Embaci (US, 1997)
Période de résidence : janvier-mars 2026
Née à Brooklyn et d’origine trinidadienne, Embaci est une artiste pluridisciplinaire et musicienne qui façonne des univers mêlant son, technologie et narration. Sa pratique déploie des formes célestes et changeantes à travers sa voix de contralto éthérée — oscillant entre résonance et distorsion — utilisée à la fois comme instrument et comme portail vers de nouvelles dimensions sonores. Formée à l’opéra et au jazz, elle mêle techniques classiques et production expérimentale, brouillant les frontières entre les genres et laissant une large place à l’improvisation. Son travail intègre des fragments sonores — messages vocaux, extraits de films et enregistrements environnementaux — prolongeant la voix vers de nouveaux champs d’expression.

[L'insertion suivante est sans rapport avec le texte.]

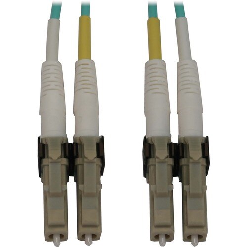 The OM3-rated cable has an aqua jacket to identify it as multimode in a crowded patch panel or switch and prevent it from becoming accidentally disconnected. The round low-smoke zero-halogen (LSZH) jacket limits the amount of toxic smoke emitted in case of combustion, making it suitable for poorly ventilated areas.
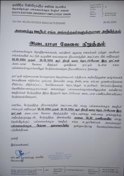 நாடளாவிய ரீதியில் பல்கலைக்கழக தொழிற்சங்கங்களின் சம்மேளனம் முன்னெடுக்கின்ற தொடர்ச்சியான இரு நாள் அடையாள வேலை நிறுத்தம் 28, 29.02.2024ம் திகதிகளில் தென் கிழக்கு பல்கலைக்கழகத்திலும் நடைபெறுகின்றது.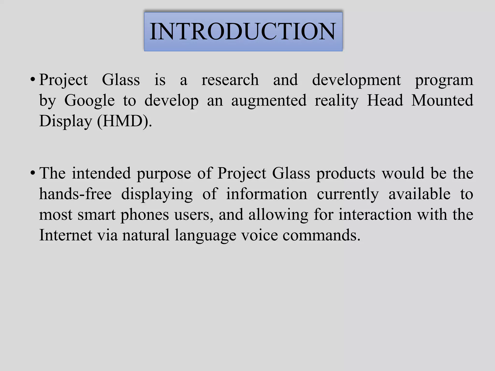 Google's Project Glass is an augmented reality head-mounted display aimed at hands-free information access and interaction through voice commands. Developed by Google X Lab, it incorporates various technologies such as wearable computing, ambient intelligence, and smart clothing, and features components like a video display, camera, and microphone. While it offers benefits like ease of use and fast access to information, it raises privacy concerns and has limitations such as battery life and usage location.

À travers des performances qui conjuguent héritage et projections futures, elle crée des espaces interactifs propices à la connexion, au sentiment d’appartenance et à la découverte.
Lors de sa résidence à La Becque, Embaci développe Lilt Shimmer, une performance musicale et une partition retraçant le son jusqu’à ses origines, en écho à l’émergence de la vie à partir de l’eau. S’inspirant de poissons préhistoriques et des espèces vibrantes de la Caraïbe — telles que le poisson volant ou la cascadura — elle explore la manière dont la vie aquatique incarne la résilience, l’adaptation et la transformation à travers les âges. À travers le récit d’un poisson traversant des courants de changement et de survie, elle envisage la voix comme un médium sculptural, intégrant des enregistrements réalisés à l’aide d’hydrophones et de micros de contact dans le lac Léman à des couches vocales superposées. Le paysage sonore qui en résulte entremêle folklore, écologie et expression sonore, invitant le public à une écoute attentive du son en tant que force façonnée par les éléments naturels. Dans ce travail, l’eau devient à la fois mémoire et mouvement, faisant écho aux rythmes du monde et reliant les auditeur·rice·s à son flux continu.